DIRECTIONS: Please output the entries that follow exactly, without a single image.

DATASET RECORDS:

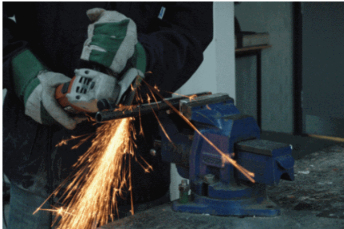
Grinding Hand Held Firearms for Decommissioning, tp Prepare for Transfer to the Foundry
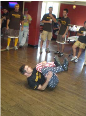
Dance Cam 1 vs. Dance Cam 2
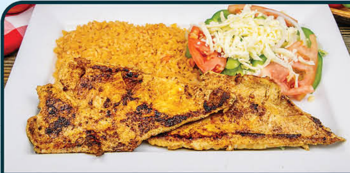
Grilled Chicken Breast
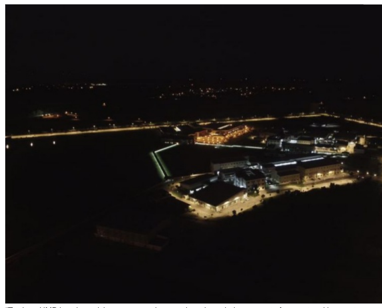
"To date, UMP is only applying energy saving practices through the concept of no cost and low cost.

"The university has managed to reduce carbon dioxide emission by 7.89 percent, which is equivalent to 8 save power up to 1,273,585 kWh at its UMP Pekan Campus.
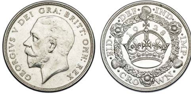
601 Crown, 1928 (ESC 368; S 4036). Has been lightly cleaned and with some surface marks, otherwise almost extremely fine £150-200
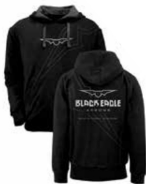
BRANDED HOODED SWEAT SHIRT
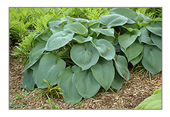
Big Daddy Hosta

This is a relatively low maintenance plant, and is best cleaned up in early spring before it resumes active growth for the season. Gardeners should be aware of the following characteristic(s) that may warrant special consideration;
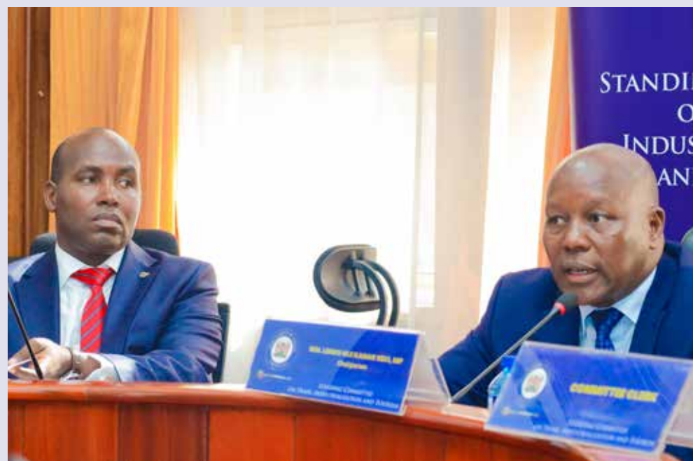
Narok Governor Patrick ole Ntutu when he appeared before the Committee on Trade which was chaired by Senator Lenku Seki ole Kanar (right). Senator Steven Lelegwe looks on.
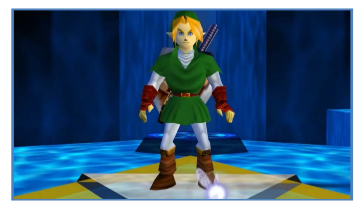
Figure 1. Screenshot of Link as an adult from Ocarina of Time (Nintendo, 1998).

his slim waist. Although the graphical capabilities and art style changed for each game, Link's highly recognizable design remained mostly consistent until Breath of the Wild.
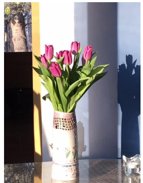
Easter Tulips in sunshine
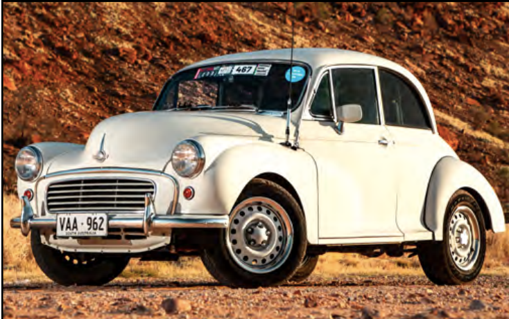
1S-POWERED 1962 MORRIS MINOR 1000 SLEEPER

https://www.whichcar.com.au/features/graham-coles-1s-1962-morris-minor-1000-sleeper?
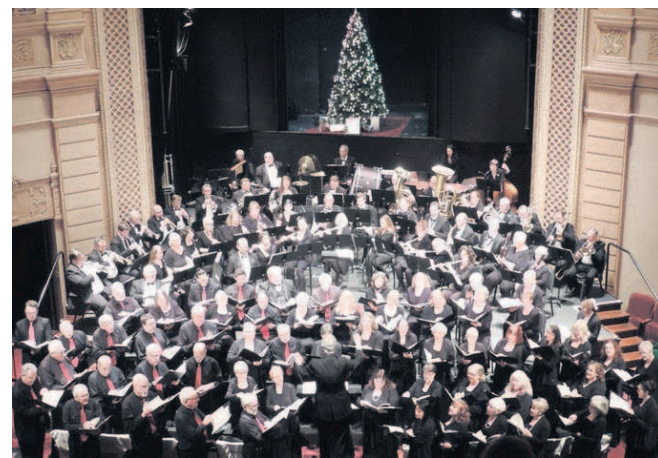
The North Coast Symphonic Band will perform with the North Coast Chorale at the Liberty Theatre on Saturday, Dec. 17.
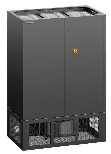
CoolRAC XC M
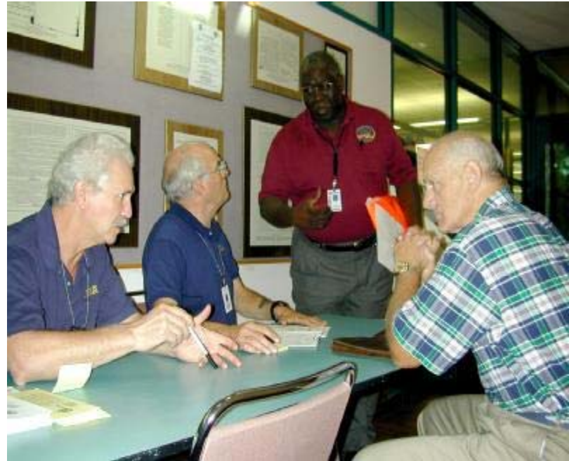
Vero Beach, FL, December 2, 1999 -- Federal Emergency Management Agency and Florida emergency management officials confer with a resident at the County Library DRC.
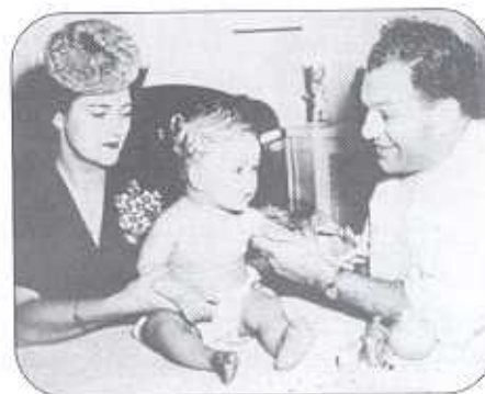
A doctor administers a protective immunization to the smallest patient. c.1946

The Communicable Disease Center in Atlanta is established, becoming the forerunner for the Centers for Disease Control and Prevention. Life expectancy is 60.2 years for males while females enjoy 68.2 years. Fifty-five per cent of American homes have indoor plumbing.
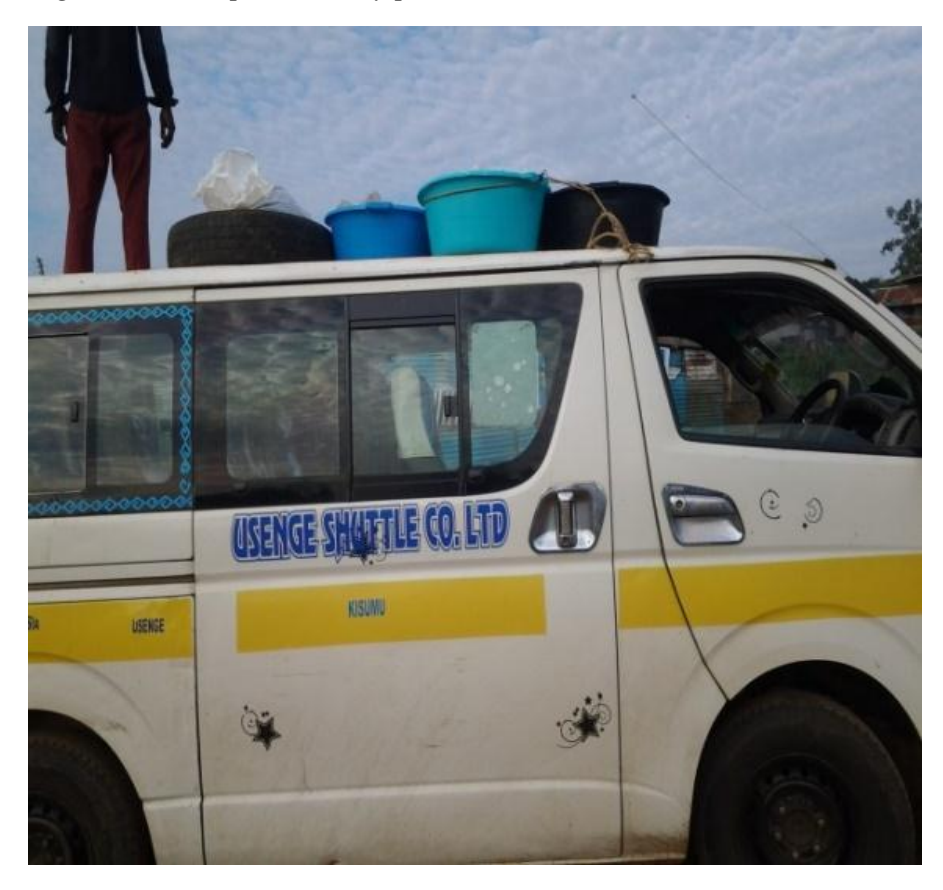
Figure 4: Transportation by 14-seater van (matatu)
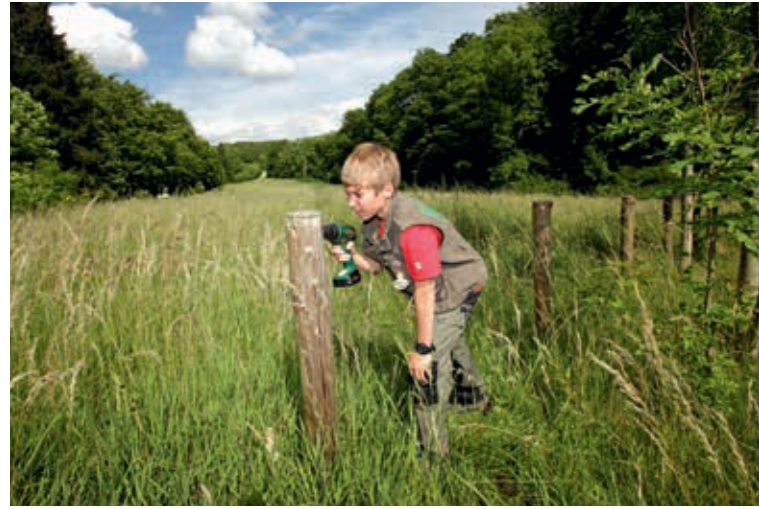
Junior Rangers are at home in the outdoors
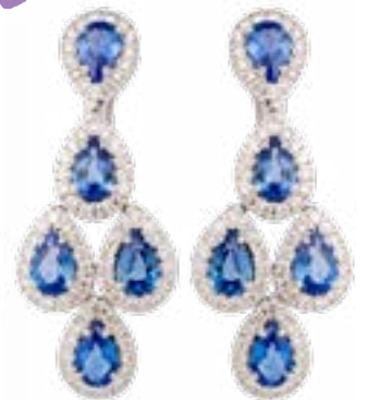
Diamond and blue sapphire earrings, £6500 , Sifani
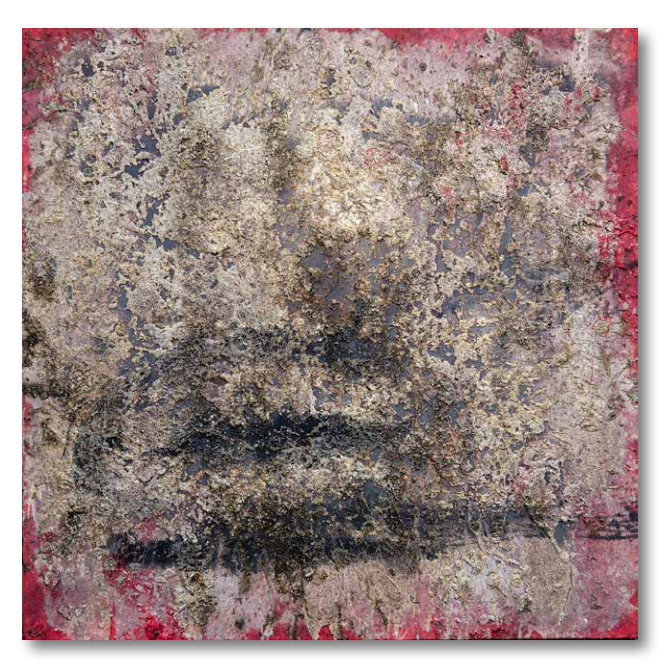
The Year of the Tiger 60x60 in
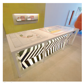
The Box under scale model table

Highlights - The Blob is an approximately 16' long x 9' high x 6' wide organic shape on legs, with backlit graphic windows, computer-controlled, multi-coloured internal LED illumination, and concealed belly-mounted, coloured fluorescent indirect lighting. Construction is a wood framework, over-sprayed with foam, sculpted and sanded, then covered with a sprayed plastic hard shell and painted. The Tooth is a functional and stylish reception desk, using the same wood / foam / plastic / paint system as was used to produce The Blob. The Box is a wood with plastic laminate table designed to support a full-size site plan drawing and a 3-D scale-model of the development, that sits astride a black-striped, internally illuminated, fabricated, translucent white, acrylic box.
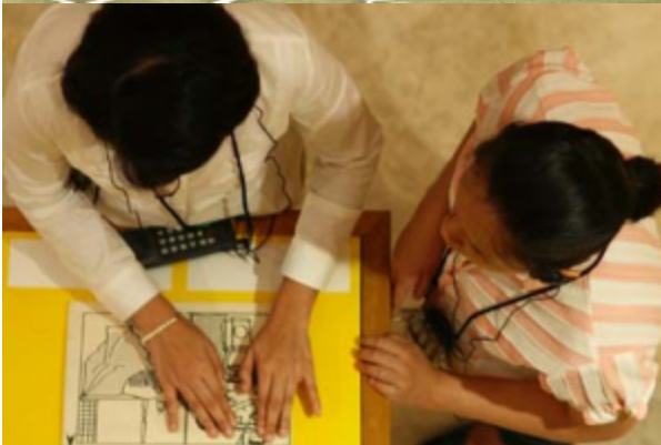
The Metropolitan Museum of

Manila is the first Philippine art institution to offer a bilingual, didactic program. It believes in the use of art as a tool in the teaching of excellence, cultural values, and social responsibility. The MET'S activities span a wide range. Philippine art exhibitions are curated from cultural institutions, private collections, and the Bangko Sentral ng Pilipinas Art Collection. Foreign art exhibitions are possible with the sponsorship of different cultural offices. In recognition of the value of scholarship, it maintains a strong relationship with the academic community. The MET
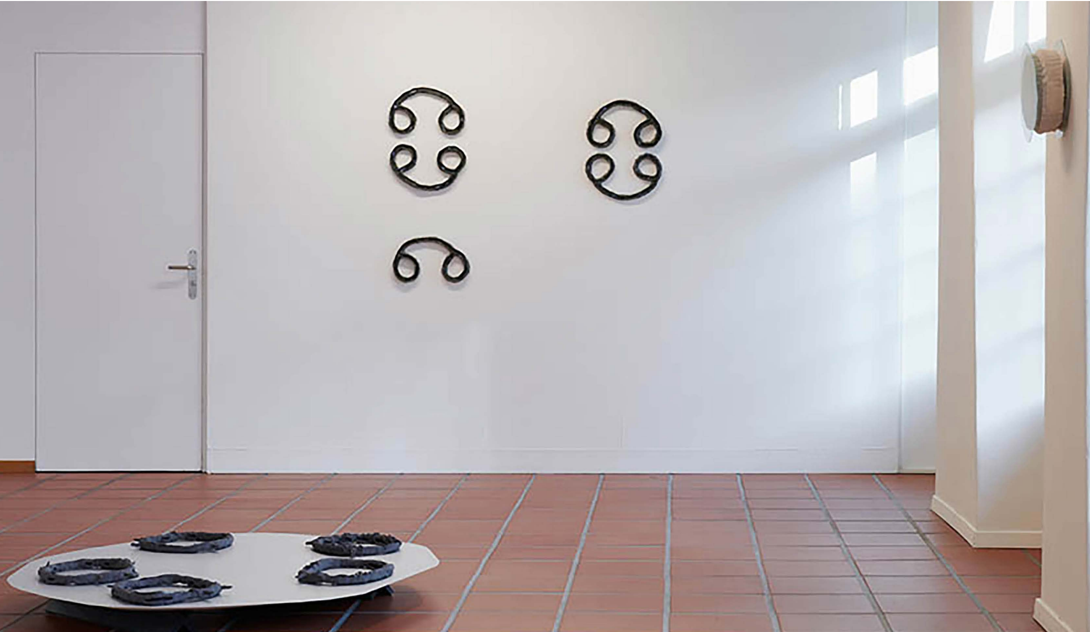
Zimmermannhaus 2022

Off_Set I (2022) Foam, glass, glue, acrylic 28 x 28 x 10 cm
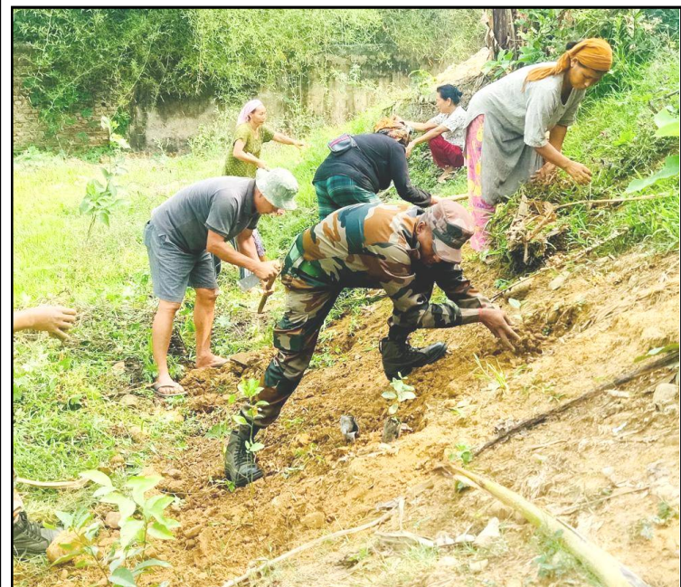
Libajen wazüka ayuba nunga nendaka inyakba temaitsü sayua Assam Rifles temi April 29, 2024 nü Selouphe village nung süngdong atemba sentong ka ayongzuka liasü. Iba sentong nung Selouphe yimtsüing nungi GBs aser council chairman-i anir nisung 30 shi arua süngdong aika atem.
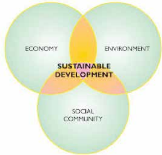
Figure 1. The concept of Sustainable development.

A very simple survey carried out by the WWI has in fact shown that the frequency of use of the word “Sustainable” in US English text (as a percentage of words, by year) has constantly been increasing over the past 50 years. Projections (and here comes the humor) show that, if the trend remains unchanged, in 2109, all the sentences will be “just the word Sustainable”, repeated over and over again. The risk of “green washing” for businesses and governments is in other words concrete and increasing, as it is the confusion in international supply chains, where we are witnessing a rapid increase of specific requirements on the subject, included in contracts, special purchase specifications, ethical codes and other documents of contractual relevance. In the following paragraphs the specificities of the leather supply chain will be analyzed under this perspective.
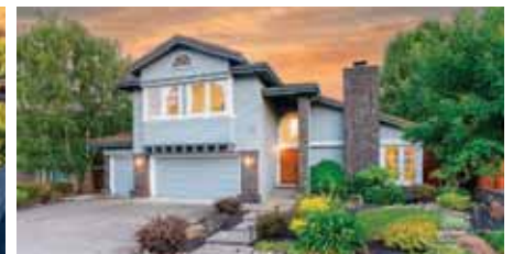
5174 MOUNT TAM CIR, PLEASANTON SOLD $2,150,000
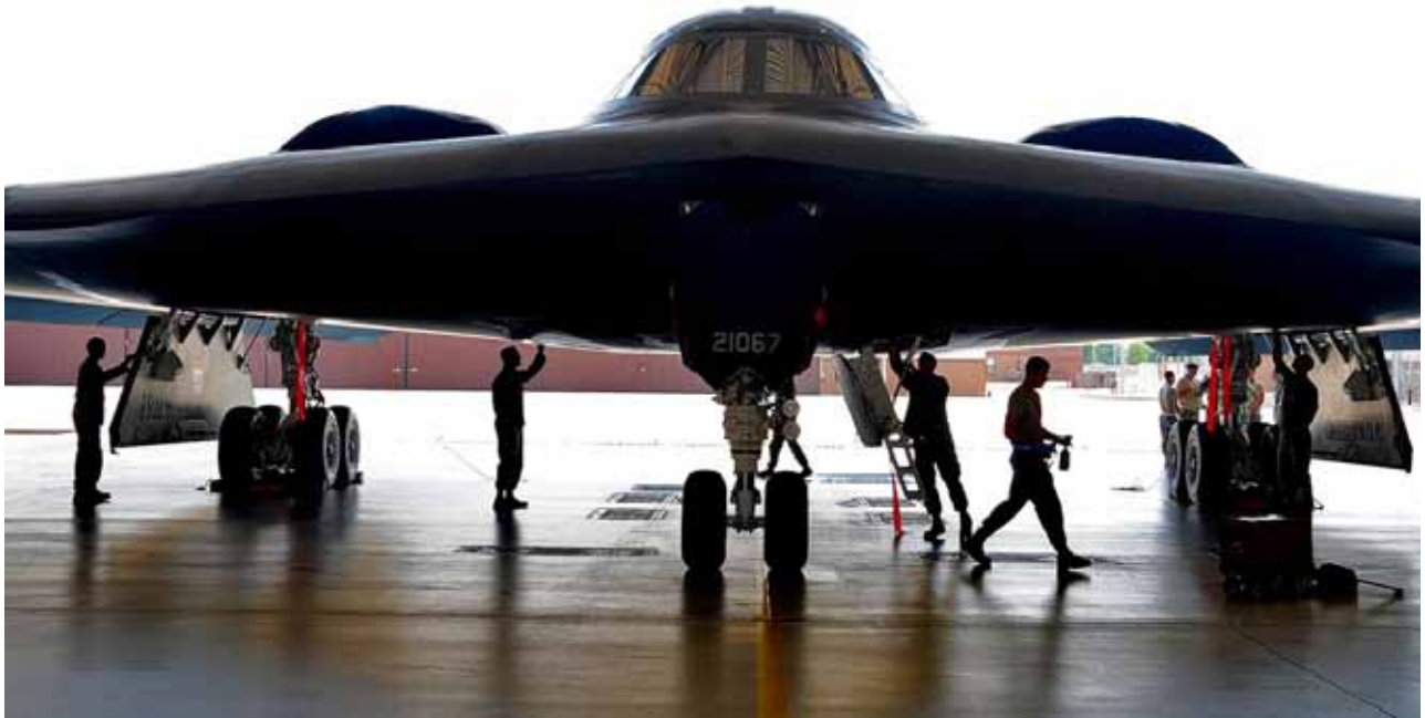
U.S. Air Force
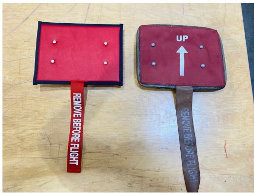
Canadair Challenger 300, 350 APU Intake Cover
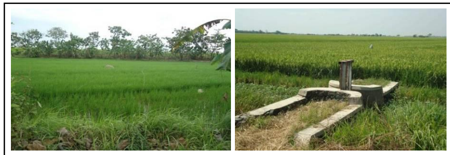
Figure 2. The Potential Of Agriculture In The Wedung Sub-Districts
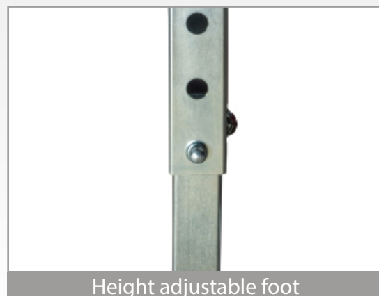
Height adjustable foot
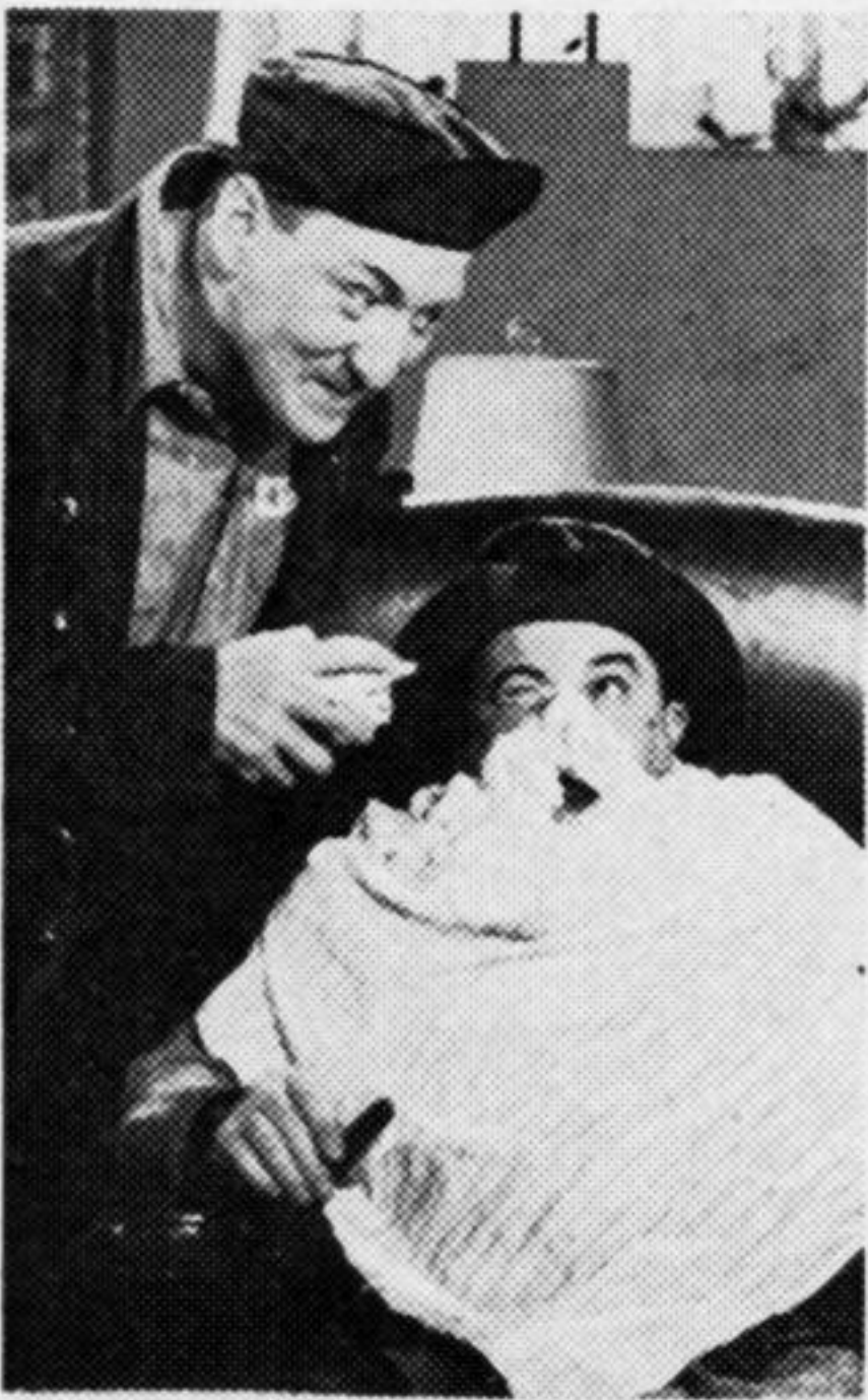
JAIL BUSTERS No. 4
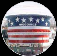
LARGE BELL HOPPER

RESULT BELOW:
Grinding Hand Held Firearms for Decommissioning, tp Prepare for Transfer to the Foundry
Dance Cam 1 vs. Dance Cam 2
Grilled Chicken Breast
"To date, UMP is only applying energy saving practices through the concept of no cost and low cost.

"The university has managed to reduce carbon dioxide emission by 7.89 percent, which is equivalent to 8 save power up to 1,273,585 kWh at its UMP Pekan Campus.
601 Crown, 1928 (ESC 368; S 4036). Has been lightly cleaned and with some surface marks, otherwise almost extremely fine £150-200
BRANDED HOODED SWEAT SHIRT
Big Daddy Hosta

This is a relatively low maintenance plant, and is best cleaned up in early spring before it resumes active growth for the season. Gardeners should be aware of the following characteristic(s) that may warrant special consideration;
Narok Governor Patrick ole Ntutu when he appeared before the Committee on Trade which was chaired by Senator Lenku Seki ole Kanar (right). Senator Steven Lelegwe looks on.
Figure 1. Screenshot of Link as an adult from Ocarina of Time (Nintendo, 1998).

his slim waist. Although the graphical capabilities and art style changed for each game, Link's highly recognizable design remained mostly consistent until Breath of the Wild.
Easter Tulips in sunshine
1S-POWERED 1962 MORRIS MINOR 1000 SLEEPER

https://www.whichcar.com.au/features/graham-coles-1s-1962-morris-minor-1000-sleeper?
The North Coast Symphonic Band will perform with the North Coast Chorale at the Liberty Theatre on Saturday, Dec. 17.
CoolRAC XC M
Vero Beach, FL, December 2, 1999 -- Federal Emergency Management Agency and Florida emergency management officials confer with a resident at the County Library DRC.
A doctor administers a protective immunization to the smallest patient. c.1946

The Communicable Disease Center in Atlanta is established, becoming the forerunner for the Centers for Disease Control and Prevention. Life expectancy is 60.2 years for males while females enjoy 68.2 years. Fifty-five per cent of American homes have indoor plumbing.
Figure 4: Transportation by 14-seater van (matatu)
Junior Rangers are at home in the outdoors
Diamond and blue sapphire earrings, £6500 , Sifani
The Year of the Tiger 60x60 in
The Box under scale model table

Highlights - The Blob is an approximately 16' long x 9' high x 6' wide organic shape on legs, with backlit graphic windows, computer-controlled, multi-coloured internal LED illumination, and concealed belly-mounted, coloured fluorescent indirect lighting. Construction is a wood framework, over-sprayed with foam, sculpted and sanded, then covered with a sprayed plastic hard shell and painted. The Tooth is a functional and stylish reception desk, using the same wood / foam / plastic / paint system as was used to produce The Blob. The Box is a wood with plastic laminate table designed to support a full-size site plan drawing and a 3-D scale-model of the development, that sits astride a black-striped, internally illuminated, fabricated, translucent white, acrylic box.
The Metropolitan Museum of

Manila is the first Philippine art institution to offer a bilingual, didactic program. It believes in the use of art as a tool in the teaching of excellence, cultural values, and social responsibility. The MET'S activities span a wide range. Philippine art exhibitions are curated from cultural institutions, private collections, and the Bangko Sentral ng Pilipinas Art Collection. Foreign art exhibitions are possible with the sponsorship of different cultural offices. In recognition of the value of scholarship, it maintains a strong relationship with the academic community. The MET
Zimmermannhaus 2022

Off_Set I (2022) Foam, glass, glue, acrylic 28 x 28 x 10 cm
Libajen wazüka ayuba nunga nendaka inyakba temaitsü sayua Assam Rifles temi April 29, 2024 nü Selouphe village nung süngdong atemba sentong ka ayongzuka liasü. Iba sentong nung Selouphe yimtsüing nungi GBs aser council chairman-i anir nisung 30 shi arua süngdong aika atem.
Figure 1. The concept of Sustainable development.

A very simple survey carried out by the WWI has in fact shown that the frequency of use of the word “Sustainable” in US English text (as a percentage of words, by year) has constantly been increasing over the past 50 years. Projections (and here comes the humor) show that, if the trend remains unchanged, in 2109, all the sentences will be “just the word Sustainable”, repeated over and over again. The risk of “green washing” for businesses and governments is in other words concrete and increasing, as it is the confusion in international supply chains, where we are witnessing a rapid increase of specific requirements on the subject, included in contracts, special purchase specifications, ethical codes and other documents of contractual relevance. In the following paragraphs the specificities of the leather supply chain will be analyzed under this perspective.
5174 MOUNT TAM CIR, PLEASANTON SOLD $2,150,000
U.S. Air Force
Canadair Challenger 300, 350 APU Intake Cover
Figure 2. The Potential Of Agriculture In The Wedung Sub-Districts
Height adjustable foot
JAIL BUSTERS No. 4
LARGE BELL HOPPER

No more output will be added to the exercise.